In July 2025, a London court sided with the contractor, awarding approximately €800 million. Subsequently, Russian courts upheld counterclaims by EuroChem Severo-Zapad-2 against Maire and Tecnimont totaling more than $2.2 billion. Then, in January 2026, courts in Malaysia and India accepted lawsuits seeking Maire’s asset seizures: in both countries, the Italian company is involved in major investment projects, and both maintain agreements with Russia on the recognition of court decisions.

At the same time, the Maire – EuroChem case should be viewed not only as a legal precedent, but also as a signal to management teams. It highlights three key challenges contractors now face in global markets.

Lesson 1: Jurisdictional Conflict as a Risk Multiplier

Until recently, arbitration was regarded as a universal tool for protecting interests in cross-border projects. However, the Maire situation shows that under conditions of external restrictions, legal predictability is eroding. A ruling by an arbitration court in one jurisdiction no longer guarantees automatic recognition or enforcement in another.

When courts in multiple countries become involved in a dispute, from the UK to India, the legal process loses manageability. Instead of a single final decision, a web of parallel proceedings emerges: in different countries and legal systems, on different claims, and with different risk profiles.

The consequences of each such proceeding are unpredictable. They may extend beyond the original jurisdiction, affect new assets, provoke counterclaims, complicate banking support, and undermine the trust of key counterparties. Taken together, this transforms legal risk from a manageable category into a systemic factor capable of affecting an entire business model.

For management teams, this means legal strategy must account not only for the strength of legal arguments, but also for conflicts between regulatory systems — especially when projects are implemented in politically sensitive jurisdictions.

Lesson 2: How Customers Reassess Risk

One of the least controllable factors is how external counterparties perceive risk.
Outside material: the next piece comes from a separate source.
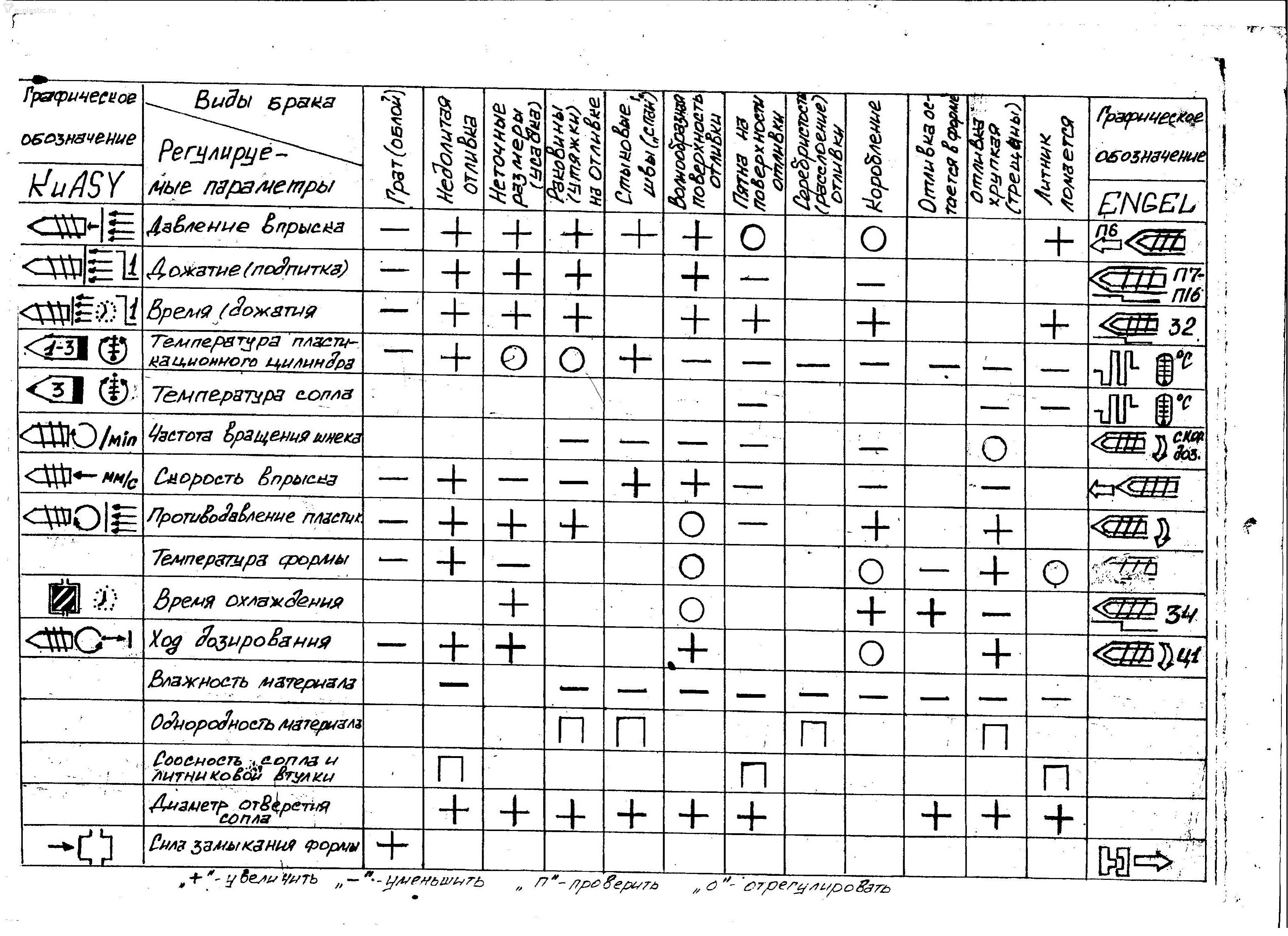 https://e--plastic-ru.turbopages.org/e- ... davleniem/ Доброе утро. А наладчик на других ТПА есть? Он и должен знать, что убавить ,что прибавить. Рычаги управления параметрами схожи на всех ТПА. Есть группа регуляторов во власти наладчика. Есть группа регуляторов опломбированых заводом. Они во власти механика гидравлика. Таблицы параметров управления литьём. Хорошо распечатать и закрепить на ТПА. Вопросы? Уточним. Регулировки параметрами и клапана в теме. Все примерно как на всех ТПА. Приклеить шильдики на них за что отвечают. В помощь для понимания процесса. Ответ на вопрос, что крутить, и чем ограничится? В таблице видно что крутить. Возможностей много. По факту и необходимости и требования к качеству изделия. Не менять настройки несколько параметров за один раз. Не поймёте динамики. Только по одному параметру, две три отливки, смотрим изменения на изделии. Спешка тут неуместна. Нужна подготовка тренировка.

Banks, regulators, and clients - particularly in countries with strong state involvement - tend to act proactively. The mere existence of a legal dispute, combined with any reference to sanctions, is often enough to trigger revisions of financing terms, suspensions of deals, or even changes in contractors.

Maire has become an example of how legal complications, regardless of the letter of the contract, can slow implementation and weaken confidence in a contractor.

This dynamic is especially pronounced in Asia, the Middle East and Africa, where projects are frequently backed by governments and contractor selection involves additional scrutiny of resilience - not only financial, but also political and legal. In such an environment, judicial and sanctions risks become part of a contractor’s overall profile and can play a decisive role in the allocation of future contracts.

Lesson 3: Contract Architecture and Communications Under Pressure

Complex international projects require not only engineering excellence, but also robust contract architecture. The Maire case illustrates how the framework of a classic EPC contract can falter amid external instability. Communications with the customer, responses to force majeure, and mechanisms for revising terms all require clearly defined procedures and channels in advance.

Problems arise when the legal logic of a project comes into conflict with its operational realities. Under such conditions, even a suspension of work that is justified from an engineering or financial perspective may be perceived as an alarming signal, triggering a chain reaction with a difficult-to-predict outcome.